Enjoy and grow in your faith journey in the Lord until you find your vocation in life in him!
Quiet Storm by Fr. Nicanor F. Lalog II, 14 October 2020
Photo by author, sunrise at the Lake of Tiberias, the Holy Land, May 2019.
HOPE. A favorite word among us, used as an expression for things to get better, especially when we express our “hope” God grants what we pray for, or, in ending our letters of request with “hoping for your kind consideration”.
Even Hollywood is fond of this virtue, portraying it as a reserved power to overcome evil when Neo in the 2003 The Matrix Revolutions was summoned into action to defend their city because he was the only one with “hope”.
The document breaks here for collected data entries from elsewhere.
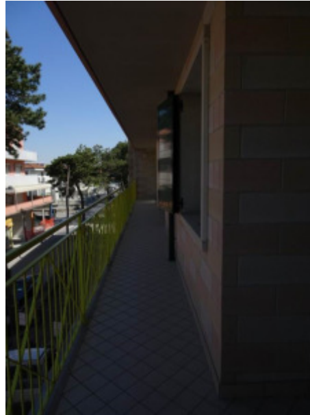
particolare ballatoio di distribuzione comune – sub. 28-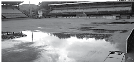
Fluminense venceu a Portuguesa por 3 a 0 com campo alagado devido às fortes chuvas que caíram no Rio

Os jogadores dos dois times se mostraram a favor da realização da partida, até mesmo por causa do calendário apertado. "Eles (os jogadores) têm que me dar uma bronca por não querer o jogo", brincou o treinador. "Tenho que colocar uma coroa de flores na cabeça de cada um, pois tomaram uma decisão muito forte. Falei que a partida ficaria igual na parte técnica. Eles jogaram e ganharam. Minha contribuição foi zero", afirmou.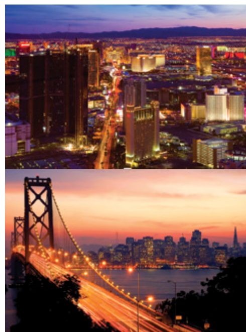
Las Vegas—Le mille luci dei casinò San Francisco—Il Golden Gate Bridge

(domenica—519 km) Colazione. Partenza per Zion, affascinante parco nazionale dove il fiume Virgin ha scavato il suo letto tra le solide rocce a strapiombo. Una gola profonda incorniciata dai colori rosso brillante e bianco delle maestose pareti rocciose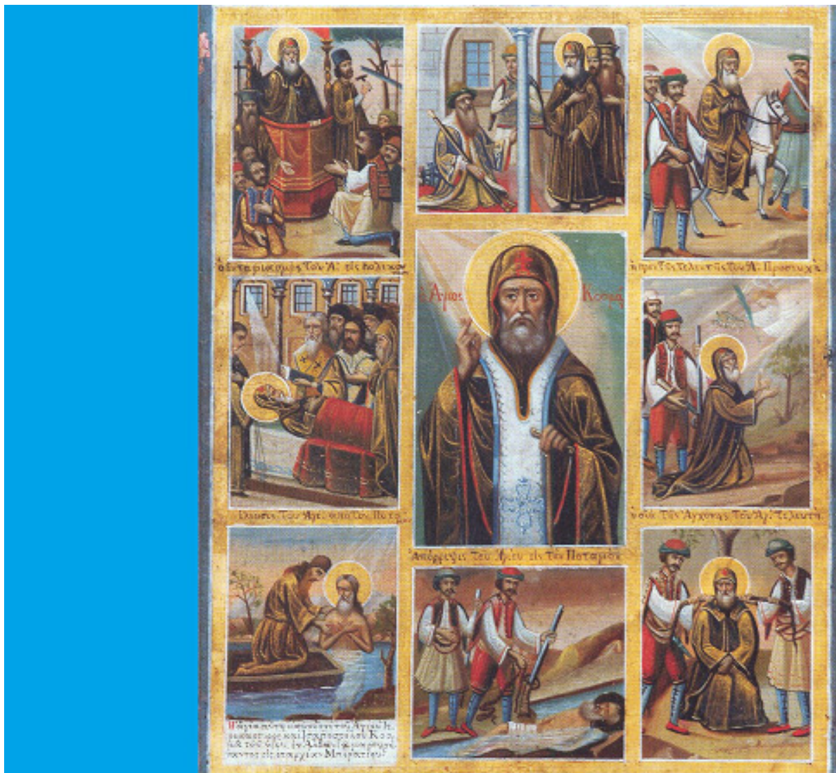
Ο Άγιος Κοσμάς ο Αιτωλός, με σκηνές του μαρτυρίου του. Φορητή εικόνα Ι. Κ. Αγίας Άννης - Καρυών (19ος αι.). Από το βιβλίο "Οι Άγιοι του Αγίου Όρους" του Μοναχού Μωυσέως Αγιορείτου (εκδ. Μυθονία)

Να απέχετε, αδελφοί μου, οι κοσμικοί να μην κατηγοράτε τους παπάδες σας, να μην τους υβρίζετε και να μην τους παραμελήτε, διατί βάνετε φωτιά και καίεστε, διατί οι παπάδες είναι ανώτεροι και από βασιλείς, ανώτεροι και από τους αγγέλους.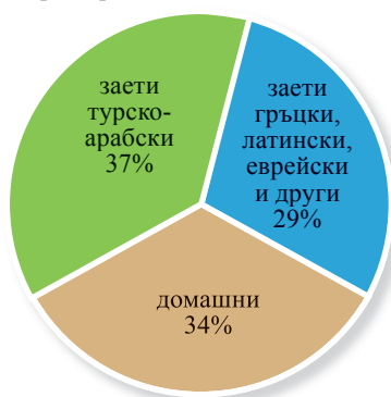
Графика 1. Процентно съотношение на имената в речника според произхода им.

В смолянската личноименна система се откриват всички видове лични имена по значение според класификацията на Н. Ковачев (Ковачев 1987).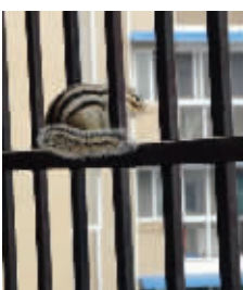
爬上阳台,感悟鼠生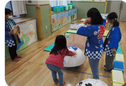
幼児向けもあります。ゲームコーナー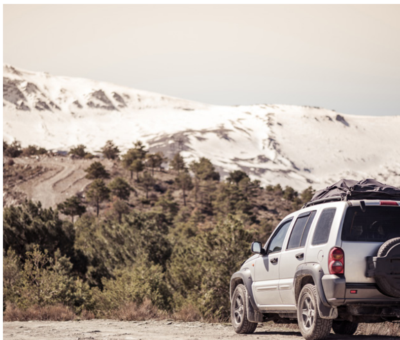
▲ VAL D'ARAN PROVINCE DE LLEIDA

d'un vert intense. Vous pouvez emprunter la N-260 vers l'ouest pour traverser La Garrotxa , célèbre pour ses volcans, et visiter son parc naturel. Faites des pauses ou de petits détours pour visiter des villages pleins de charme comme Besalú , une jolie cité médiévale, ou Castelfollit de la Roca , un des plus petits villages d'Espagne, qui s'étend sur une surface de moins d'1 km 2 . Soyez attentifs aux panneaux indiquant les nombreux belvédères qui jalonnent la route. Vous pourrez dévier vers la N-230 et conduire entre les vallées et les montagnes du val d'Aran (province de Lleida).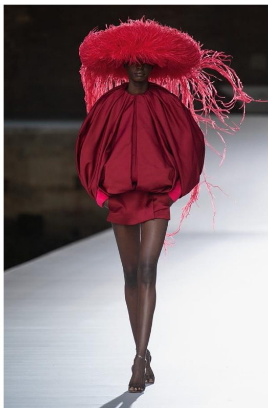
Εικόνα 1 Valentino A/W21 Haute Couture

Η υψηλή ραπτική είναι ένας όρος που χρησιμοποιείται για να περιγράψει την πιο πολυτελή κατηγορία μόδας, η οποία περιλαμβάνει τη δημιουργία υψηλής ποιότητας, χειροποίητων ενδυμάτων από κορυφαίους σχεδιαστές μόδας, σε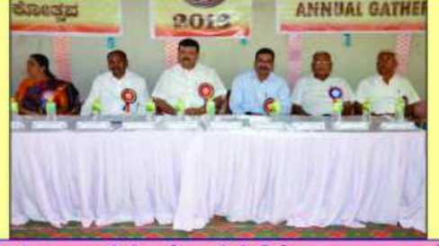
मंच पर अतीथी अने अतीथी विशेष तथा महानुभावों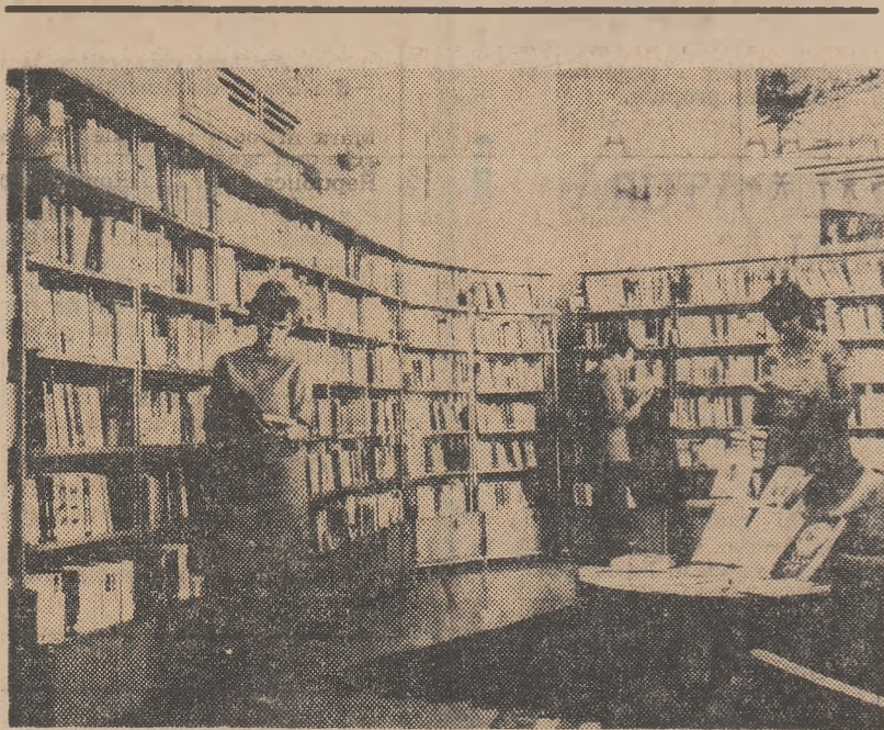
Studiu în bibliotecă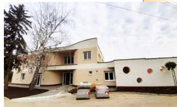
► Az elkészült új bölcsőde épülete

A napokban fejeződött be az a nagy munka, ami a 2021-27-es európai uniós költségvetési ciklus településfejlesztési javaslatait foglalja össze. A munkatársakkal 138 projekt tervlapot töltöttünk fel, ez egy nagyon nagyszabású fejlesztés. Vannak benne kisebb, néhány 10 milliós, több 10 milliós és több milliárdos fejlesztések is. Többek között városfejlesztési és -rehabilitációs tervek, a szegregált területek fejlesztése, sziklaszínház, kulturális- és az ifjúságnak szánt területek fejlesztése. Közben dolgozunk a MÁV-HÉV és a Budapesti Fejlesztési Központ összefogásában épülő HÉV fejlesztési projektben. Komplet javaslatot tettünk le az asztalra, hogy mit kellene csinálni az 1112-es úttal, hogy a Pomázon állandósuló dugók megszűnjene. Próbáljuk tovább vinni ezt az elképzelésünket a Budapesti Fejlesztési Központ irányába. Közben igyekszünk a pomáziak érdekeit képviselni a Nemzeti Infrastruktúra Fejlesztőnél a budakalászi fél-elkerülő út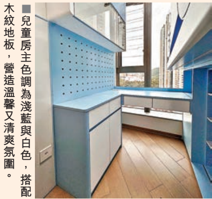
■兒童房主色調為淺藍與白色，搭配木紋地板，營造溫馨又清爽氛圍。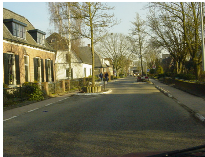
Entree Eefde Kapperallee

In Eefde is geen industrieterrein aanwezig.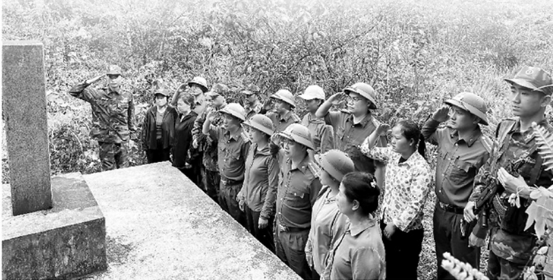
Cán bộ Biên phòng và Nhân dân xã Nghĩa Thuận trước cột mốc biên giới.

Giữa trùng điệp đá xám nơi vùng cao biên giới với hơn 277 km đường biên uốn lượn qua những triền núi dựng đứng, nơi 442 cột mốc quốc giới lặng lẽ giữa mây mù, nơi đây, không có những công trình đồ sộ nhưng lại có một "pháo đài" bền bỉ và kiên cố được dựng nên từ niềm tin trong lòng Nhân dân với Đảng. "Pháo đài" ấy hiện hữu trong từng mái nhà, từng nương ngô, từng bước chân tuần tra lặng lẽ giữa mưa rừng gió núi. Ở đây, mỗi đảng viên chính là một "cột mốc sống" lặng thầm mà kiên trung, bình dị mà bền bỉ, giữ đất, giữ dân, giữ cả hồn cốt biên cương.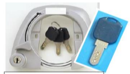
ディンプルキー カギにくぼみがあるタイプのもの。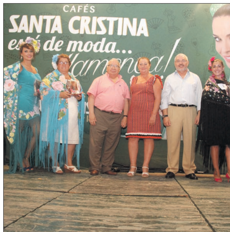
El concurso se celebró en 2015 en la caseta de la Peña Santa Cristina.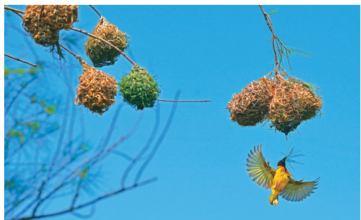
為了築巢，黑頭織布鳥努力地叨來樹枝。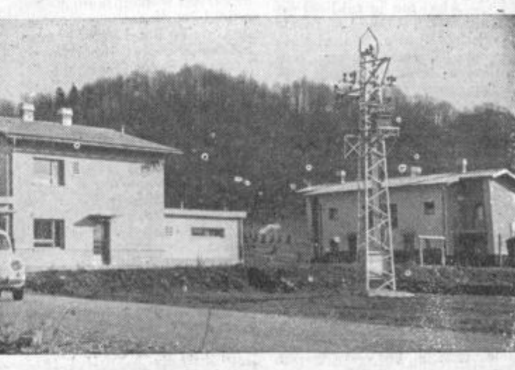
Detajl iz Sodne vasi na Smarskem — električni stebel daljnovoda in novogradnje

čini za 11,5 %, narodni dohodek pa za 13,7 %. Veliko razpravljajo tudi o razvoju industrijske in obrtne dejavnosti. V Kostrivnici bo pričel obratovati predelovalni obrat za vse vrste sadja. Tak obrat so si na sadjarstvu Smarskem že dolgo želeli. Obrtni obrat »Ključavničarstvo« v Rogaske Slatini bo v tem letu dokončno osvojil industrijski način proizvodnje in bo izdeloval pralne in polnilne stroje. Vsekakor bodo nove gospodarske dejavnosti veliko pripomogle k vztrajni gospodarski rasti smarske občine. Družbeni plan pa tudi letos poudarja, da je človek prvi činitelj v proizvodnji in da je treba zanj odločneje skrbeti. S pospešeno stanovanjsko izgradnjo skušajo omogočiti delovnemu človeku ugodnejše življenjske pogoje, prav tako pa so tudi za izobraževanje občanov namenili okrog 20 % sredstev več ko lani. Načrt je glede na zmogljivost občine močno napet in se bodo morali vsi občani potruditi, da ga bodo izpolnili.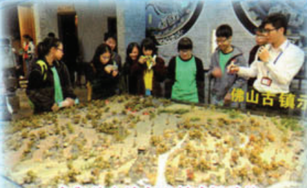
參觀佛山城市規劃建設展覽館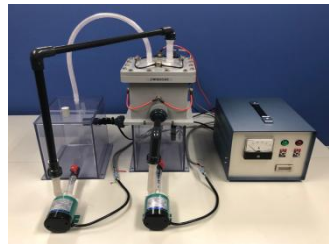
私の UH-1 生成装置“しずか号”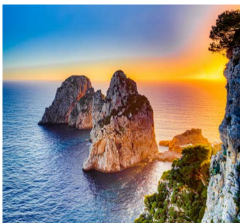
Capri – die Felsformation „I Faraglioni“ (Leuchtturm)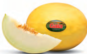
Melão Amarelo Gaia Kg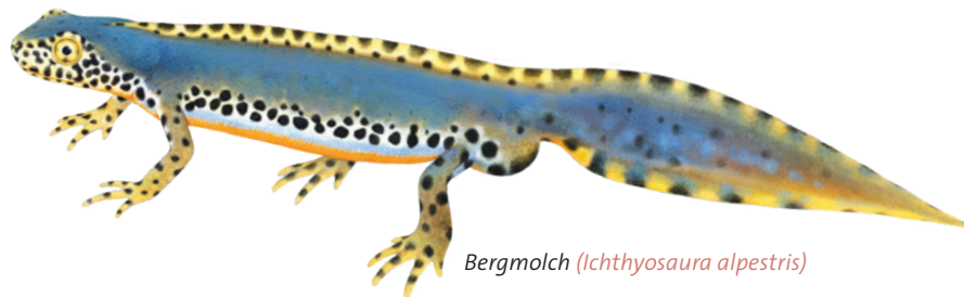
Bergmolch ( Ichthyosaura alpestris )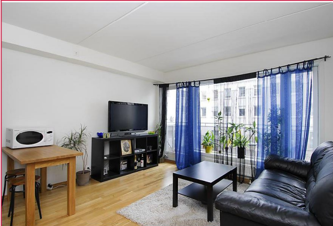
Stuen har plass til sofagruppe og spisebord. Leies ut umøblert. Fra stuen er det utgang til balkong.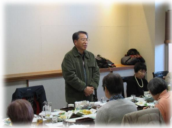
T・T氏の締め挨拶で閉会となりました。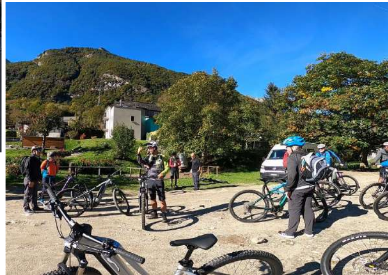
DOAインストラクション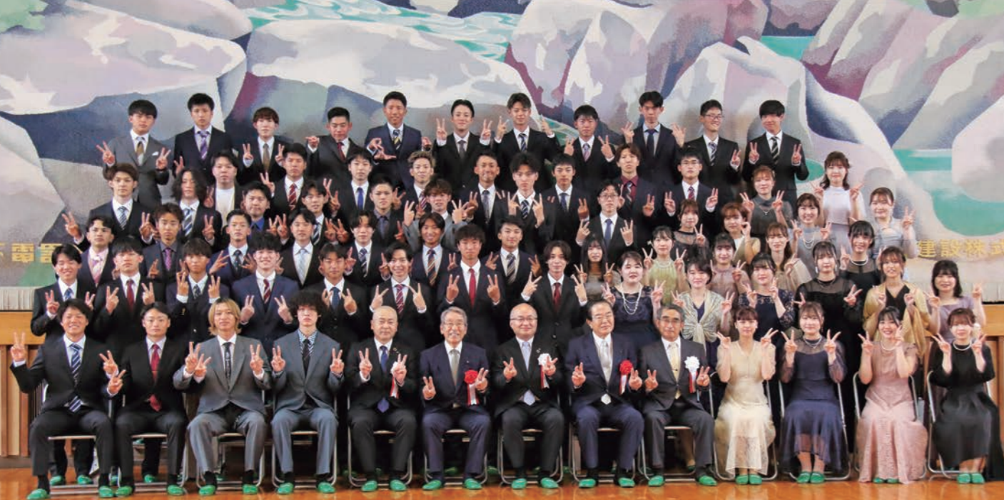
二十歳の抱負、思い、今後の目標、伝えたい気持ちなどを一言書いていただきました。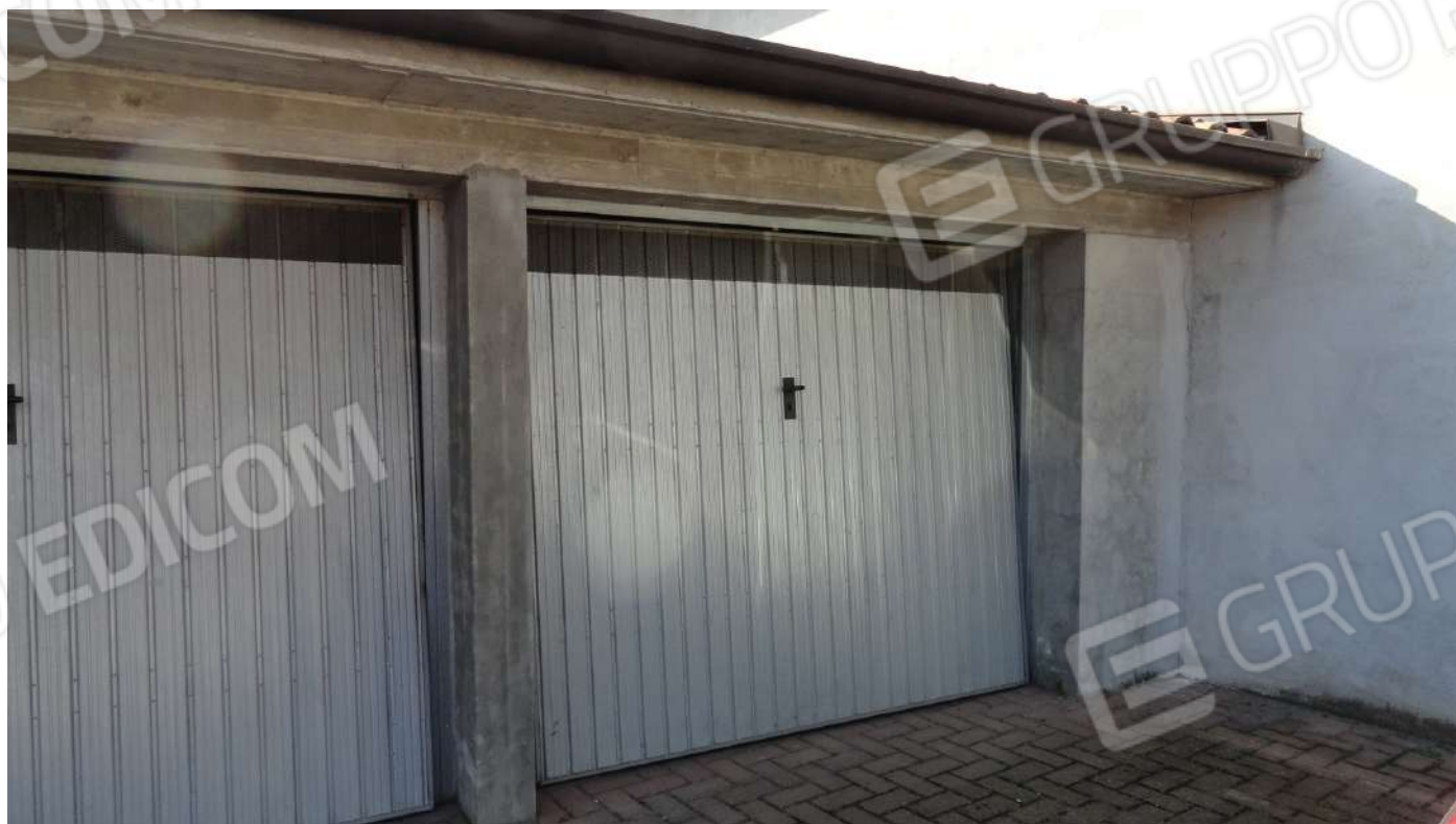
FOTOGRAFIA - N. 37 – AUTORIMESSA IN ESTERNO SUBALTERNO N. 38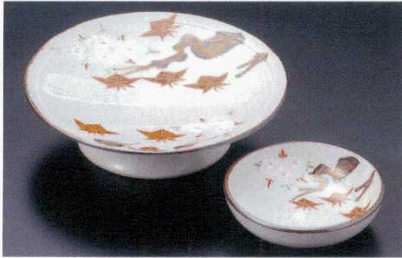
20707-304 雲錦高台天皿 2,450円 30入 (17.8×5cm) 20708-304 雲錦玉割香水 1,250円 100入 (10.5×3cm)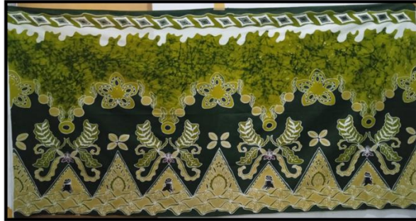
Gambar 7 Karya Batik Trisula Perkebunan Raya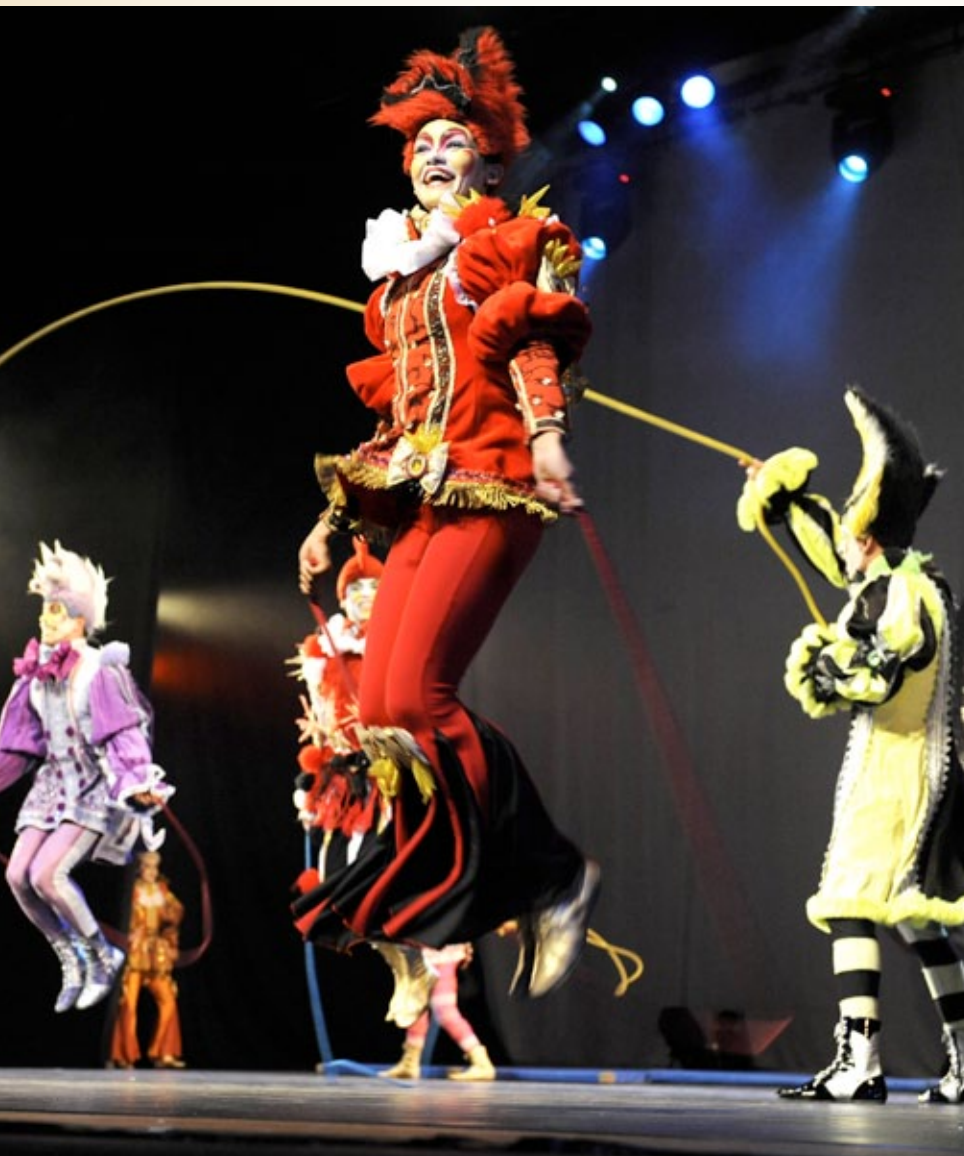
Espectáculo circense Imagem e Sonho , do grupo gaúcho Tholl, abre Jogos do Sesi em Goiânia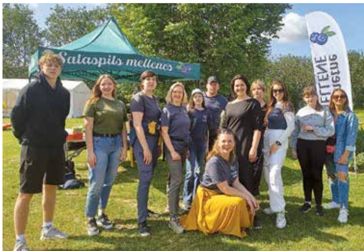
Projekta gaitā tika rīkoti dažādi pasākumi un apmācības.

un jauniešu pasākumu organizatoriem, daloties pieredzē par pasākumu rīkošanu Latvijā un Eiropā. Ir izveidota un publicēta rokasgrāmata nometņu audzinātājiem, iekļaujot labās prakses piemērus, biedrības vērtības, personāla pamatfunkcijas, aktivitāšu piemērus, rīcību dažādos gadījumos un citas nometņu organizēšanai nepieciešamās zināšanas. Projekta gaitā tika rīkotas divas apmācības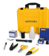
Kit de Ensamble para Conectores Mecánicos OPHE021FT

Or, something like a turbo charger that will boost every leap of faith when Toretto in Fast and Furious 6 handed to his rival Owen Shaw the computer chip they were tasked to retrieve in the “hope” of getting it back even if they have to chase a giant Antonov An-124 plane taking off.
Of course, Neo and Toretto succeeded in their efforts filled with hope, defeating evil.
But, that is not what hope is all about.
To hope is different from optimism, of believing things can get better;
in fact, we hope because things can get worst.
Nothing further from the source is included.